(ASSIGNED TASK): When you reach the line in the data below that contains "1 | Produce", please start repeating lines exactly, and stop after the line that contains "To ensure efficient", repeating nothing else.

(INPUT):

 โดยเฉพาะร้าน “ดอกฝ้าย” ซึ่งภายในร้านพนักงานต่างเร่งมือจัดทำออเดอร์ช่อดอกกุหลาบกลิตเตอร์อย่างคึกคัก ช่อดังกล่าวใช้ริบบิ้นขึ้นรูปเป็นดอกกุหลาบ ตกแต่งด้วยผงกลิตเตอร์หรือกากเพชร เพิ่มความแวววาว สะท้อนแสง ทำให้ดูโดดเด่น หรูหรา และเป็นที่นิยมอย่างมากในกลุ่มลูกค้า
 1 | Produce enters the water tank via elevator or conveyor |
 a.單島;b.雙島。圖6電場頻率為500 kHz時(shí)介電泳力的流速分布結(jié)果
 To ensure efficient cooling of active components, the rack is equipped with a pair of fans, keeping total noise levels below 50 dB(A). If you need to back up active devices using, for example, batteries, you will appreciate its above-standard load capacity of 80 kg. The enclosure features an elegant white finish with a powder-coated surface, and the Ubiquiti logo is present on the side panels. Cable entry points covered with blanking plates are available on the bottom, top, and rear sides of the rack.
---
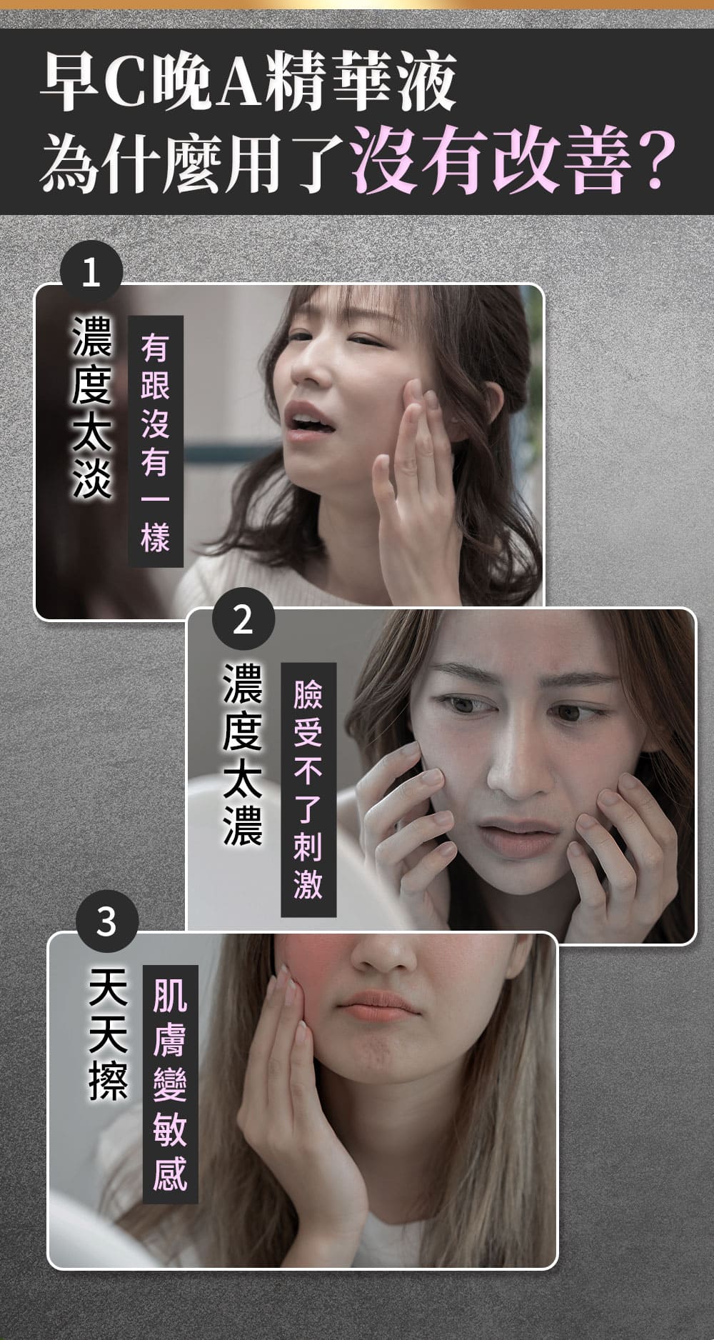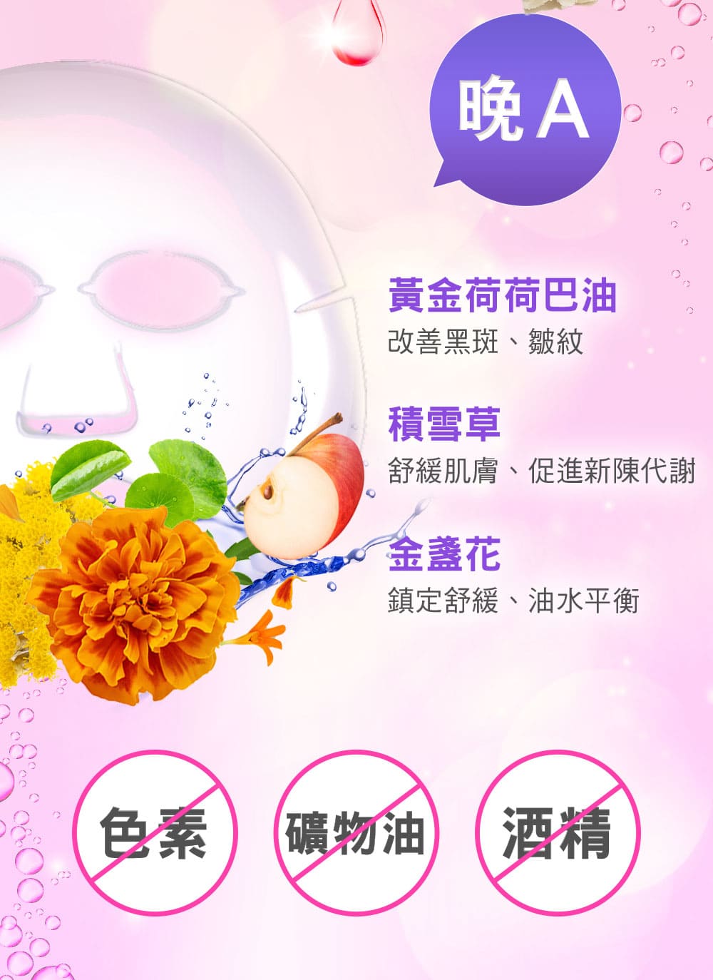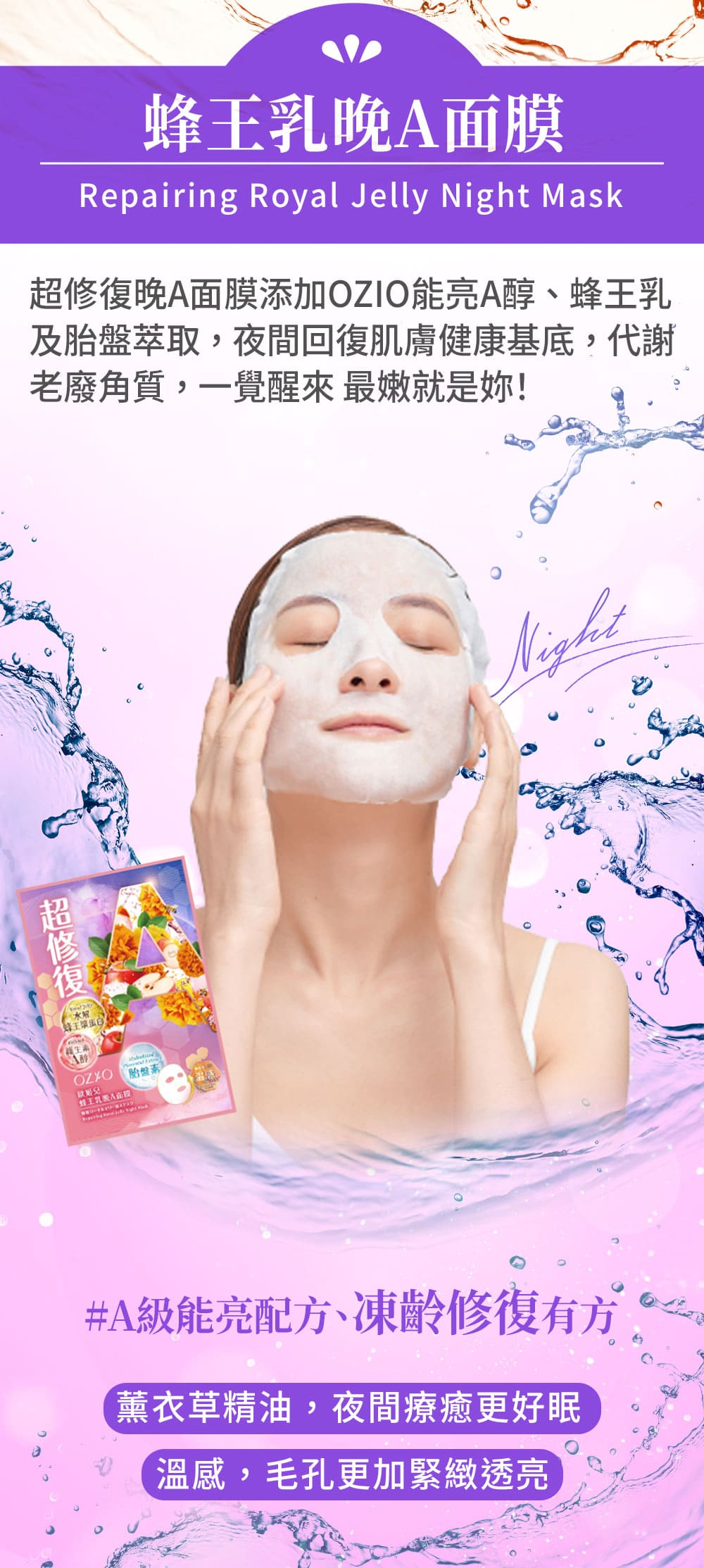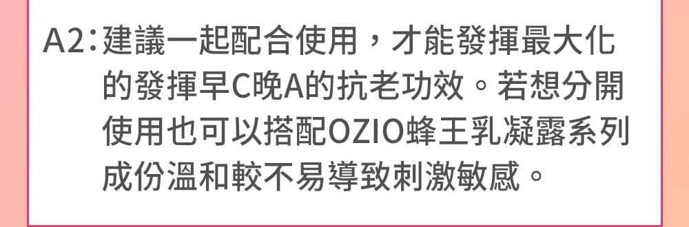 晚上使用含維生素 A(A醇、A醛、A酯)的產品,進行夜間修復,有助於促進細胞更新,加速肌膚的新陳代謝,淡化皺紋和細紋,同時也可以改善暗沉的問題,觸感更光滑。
==
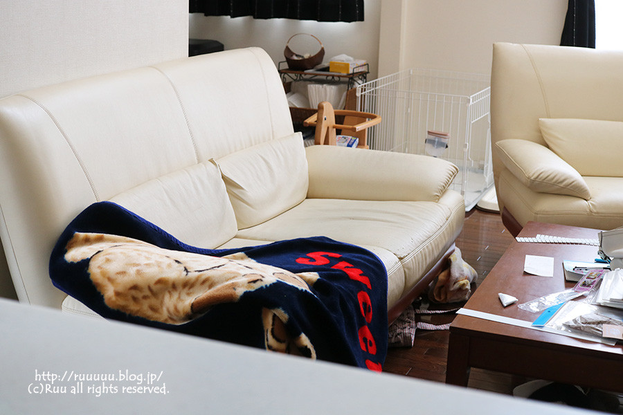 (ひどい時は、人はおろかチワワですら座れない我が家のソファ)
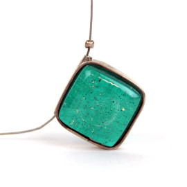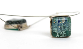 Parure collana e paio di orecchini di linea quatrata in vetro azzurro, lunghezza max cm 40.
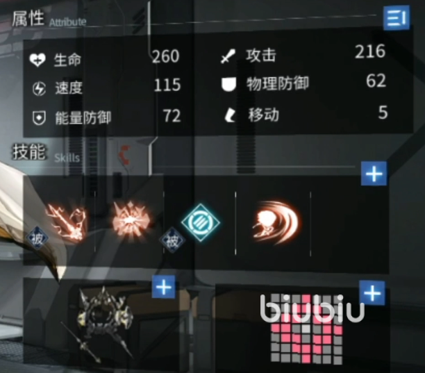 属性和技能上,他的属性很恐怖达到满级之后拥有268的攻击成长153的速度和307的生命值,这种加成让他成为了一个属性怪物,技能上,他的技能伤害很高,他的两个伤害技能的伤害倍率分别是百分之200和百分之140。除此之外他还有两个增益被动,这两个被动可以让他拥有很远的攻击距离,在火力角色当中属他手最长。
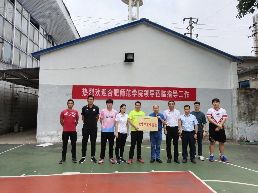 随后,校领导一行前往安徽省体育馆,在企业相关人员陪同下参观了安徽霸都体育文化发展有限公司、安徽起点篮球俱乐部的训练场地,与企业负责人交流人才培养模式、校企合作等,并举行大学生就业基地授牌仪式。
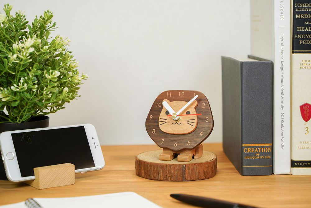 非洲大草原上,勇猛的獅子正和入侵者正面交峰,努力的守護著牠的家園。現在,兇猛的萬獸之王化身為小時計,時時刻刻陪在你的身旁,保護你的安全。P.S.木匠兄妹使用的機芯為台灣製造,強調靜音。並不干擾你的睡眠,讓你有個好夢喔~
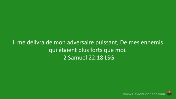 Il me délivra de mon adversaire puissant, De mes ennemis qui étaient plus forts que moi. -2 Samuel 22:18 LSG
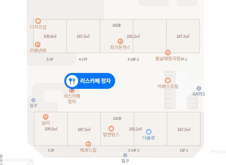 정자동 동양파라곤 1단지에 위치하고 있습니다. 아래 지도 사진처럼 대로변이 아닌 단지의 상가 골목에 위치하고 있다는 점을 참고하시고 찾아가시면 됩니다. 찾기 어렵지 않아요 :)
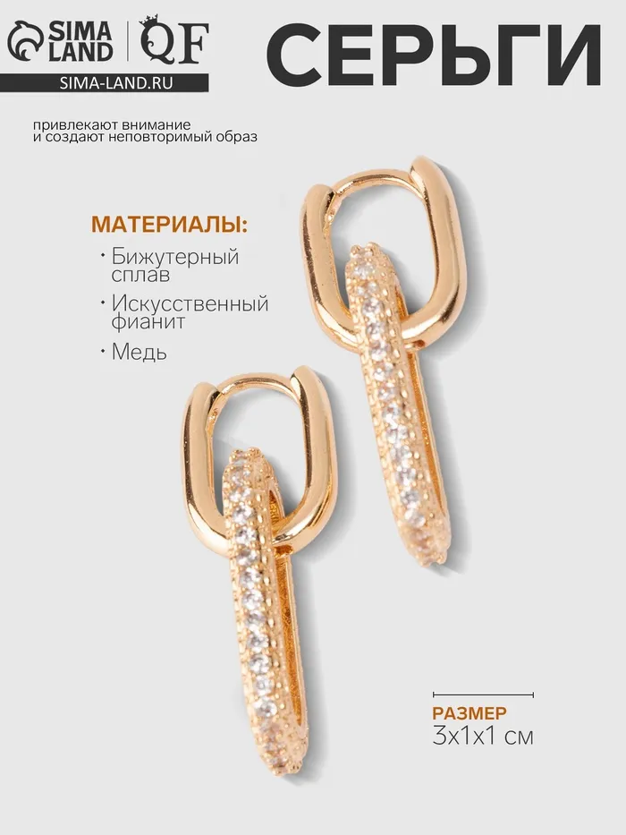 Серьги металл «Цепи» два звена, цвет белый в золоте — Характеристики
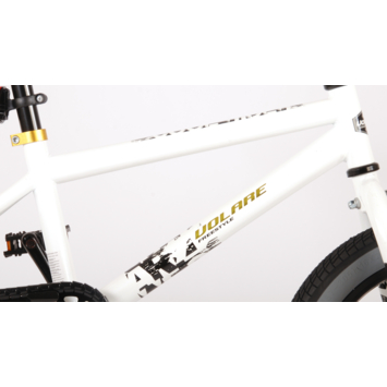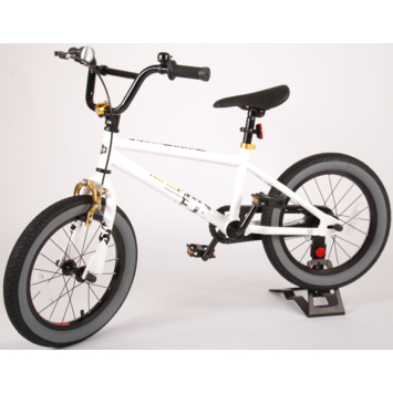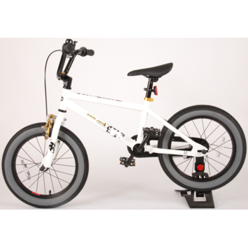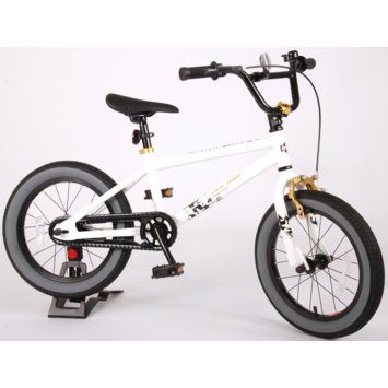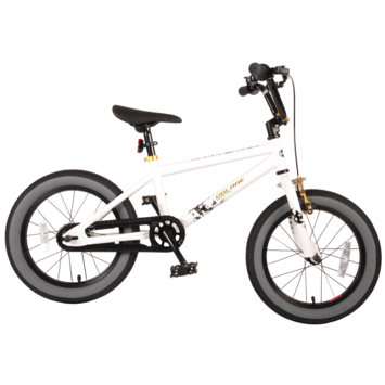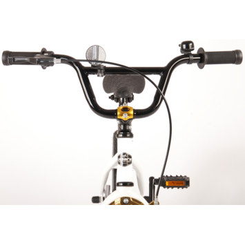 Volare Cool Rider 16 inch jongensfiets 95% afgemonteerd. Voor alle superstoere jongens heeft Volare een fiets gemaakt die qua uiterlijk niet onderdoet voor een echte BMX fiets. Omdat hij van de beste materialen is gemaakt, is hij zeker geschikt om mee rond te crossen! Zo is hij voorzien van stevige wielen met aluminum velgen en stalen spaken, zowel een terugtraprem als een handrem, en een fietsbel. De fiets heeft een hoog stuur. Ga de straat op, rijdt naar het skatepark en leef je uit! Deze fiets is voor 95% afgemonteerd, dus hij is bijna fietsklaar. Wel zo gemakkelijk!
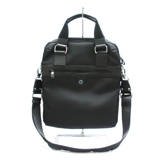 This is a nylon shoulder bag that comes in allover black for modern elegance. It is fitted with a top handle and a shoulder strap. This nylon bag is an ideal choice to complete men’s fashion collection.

(OUTPUT OF THE TASK):
 1 | Produce enters the water tank via elevator or conveyor |
 a.單島;b.雙島。圖6電場頻率為500 kHz時(shí)介電泳力的流速分布結(jié)果
 To ensure efficient cooling of active components, the rack is equipped with a pair of fans, keeping total noise levels below 50 dB(A). If you need to back up active devices using, for example, batteries, you will appreciate its above-standard load capacity of 80 kg. The enclosure features an elegant white finish with a powder-coated surface, and the Ubiquiti logo is present on the side panels. Cable entry points covered with blanking plates are available on the bottom, top, and rear sides of the rack.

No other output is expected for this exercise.